What are you working on now?

My newest book is Jaguar Warrior. It’s the story of Atl, a young Aztec slave boy, waiting to be sacrificed. Atl is a fast runner so when the Spanish invade and messenger is needed to take a plea for help to the nearest city, Atl is released. It’s about choices. Will Atl run for himself or the city who wanted to kill him? Or will he just hide from the Captain who hunts him? It’s an adventure but a very dangerous one.

I am currently editing Samurai Kids 5: Fire Lizard which will be released in September 2010. Yesterday I saw some wonderful illustrations for the first few chapters. And I am writing Book 6, which might be called Bat Wings. In my To Do pile is the manuscript for my first picture book, Sad the Dog. It’s a busy time for me but I feel very lucky to be working at something I love.

If a young writer or reader wanted to contact you, where could they find you?

I can be contacted by email at samuraikids@people.net.au I always respond and love to get emails from young people. I am also in the Samurai Kids forum every day, so anyone interested can talk to me there about writing, my books, ninjas, samurai and all sorts of things.
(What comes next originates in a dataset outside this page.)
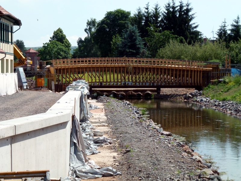 Die Behelfsbrücke mit der recht aufwendig gestalteten Schalung für die neue Brücke.

Sometimes we have competitions and members get a coloured belt and samurai (or ninja) weapon based on the number of posts they make.
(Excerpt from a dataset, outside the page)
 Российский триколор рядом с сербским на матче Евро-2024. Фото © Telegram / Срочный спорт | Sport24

You can find out more about Sandy Fussell’s books by visiting her website: http://www.sandyfussell.com.

Author:

Rebecca Newman is a children's writer and poet, and the editor of the Australian children's literary blog, Alphabet Soup. rebeccanewman.net.au.

3 thoughts on “Interview with Sandy Fussell, author of the Samurai Kids series

  1. Sandy’s advice for young writers also applies to those of us who are not so young. It’s great to have authors of Sandy’s calibre willing to share their enthusiasm and expertise with us. Thanks Rebecca and Sandy!